**WORK INSTRUCTION:**
Reproduce, exactly and in full, the lines from the one with "拉卡拉2021年年报显示,联" through the one with "本实用新型公开了太阳能发光吊" in the data below; drop pictures.

THE DATA Block Start

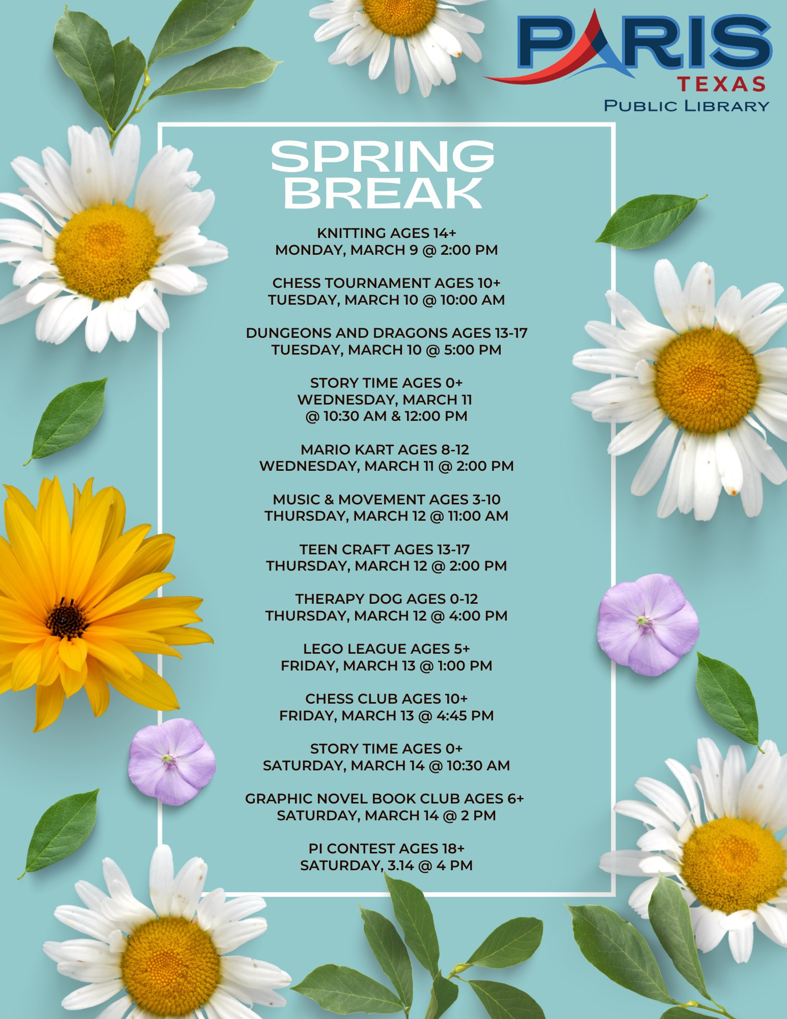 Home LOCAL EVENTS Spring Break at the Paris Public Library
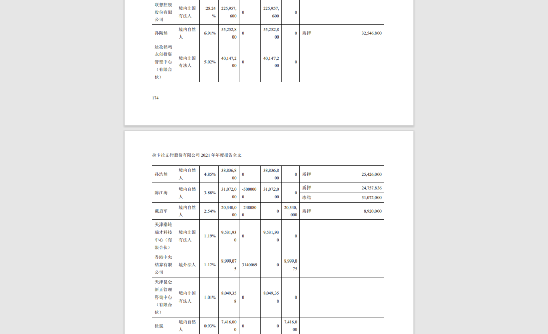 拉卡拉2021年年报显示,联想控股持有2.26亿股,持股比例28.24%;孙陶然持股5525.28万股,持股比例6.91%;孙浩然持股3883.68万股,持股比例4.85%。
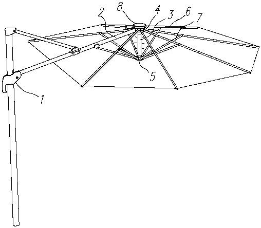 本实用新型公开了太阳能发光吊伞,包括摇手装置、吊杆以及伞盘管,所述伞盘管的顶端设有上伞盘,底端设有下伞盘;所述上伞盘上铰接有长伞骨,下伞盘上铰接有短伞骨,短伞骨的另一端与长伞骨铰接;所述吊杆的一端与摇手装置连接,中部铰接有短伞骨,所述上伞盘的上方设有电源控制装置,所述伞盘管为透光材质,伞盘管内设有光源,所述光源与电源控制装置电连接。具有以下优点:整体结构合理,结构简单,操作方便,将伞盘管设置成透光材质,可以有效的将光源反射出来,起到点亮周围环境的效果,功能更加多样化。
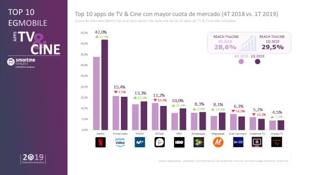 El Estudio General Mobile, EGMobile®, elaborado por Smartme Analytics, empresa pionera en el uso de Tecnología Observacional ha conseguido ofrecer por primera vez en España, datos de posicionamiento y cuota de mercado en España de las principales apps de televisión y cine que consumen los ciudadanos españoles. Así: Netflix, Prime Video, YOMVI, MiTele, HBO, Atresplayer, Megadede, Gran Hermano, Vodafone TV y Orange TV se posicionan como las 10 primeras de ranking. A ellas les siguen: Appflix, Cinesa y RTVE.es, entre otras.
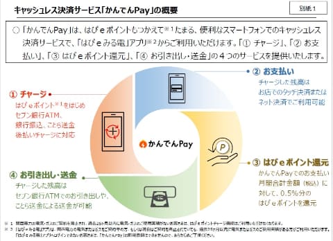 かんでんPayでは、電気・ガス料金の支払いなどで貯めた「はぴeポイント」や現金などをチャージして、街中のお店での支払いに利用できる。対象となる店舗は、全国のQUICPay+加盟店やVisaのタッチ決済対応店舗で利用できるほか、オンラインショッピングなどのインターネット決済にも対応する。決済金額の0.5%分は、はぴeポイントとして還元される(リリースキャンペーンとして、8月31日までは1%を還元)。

THE DATA Block End
THE DATA Block Start

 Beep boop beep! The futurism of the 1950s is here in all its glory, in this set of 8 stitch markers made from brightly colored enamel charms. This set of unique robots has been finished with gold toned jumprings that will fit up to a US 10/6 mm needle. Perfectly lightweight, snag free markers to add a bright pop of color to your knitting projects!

THE DATA Block End

**REPLY TO THE EXERCISE:**
 拉卡拉2021年年报显示,联想控股持有2.26亿股,持股比例28.24%;孙陶然持股5525.28万股,持股比例6.91%;孙浩然持股3883.68万股,持股比例4.85%。
 本实用新型公开了太阳能发光吊伞,包括摇手装置、吊杆以及伞盘管,所述伞盘管的顶端设有上伞盘,底端设有下伞盘;所述上伞盘上铰接有长伞骨,下伞盘上铰接有短伞骨,短伞骨的另一端与长伞骨铰接;所述吊杆的一端与摇手装置连接,中部铰接有短伞骨,所述上伞盘的上方设有电源控制装置,所述伞盘管为透光材质,伞盘管内设有光源,所述光源与电源控制装置电连接。具有以下优点:整体结构合理,结构简单,操作方便,将伞盘管设置成透光材质,可以有效的将光源反射出来,起到点亮周围环境的效果,功能更加多样化。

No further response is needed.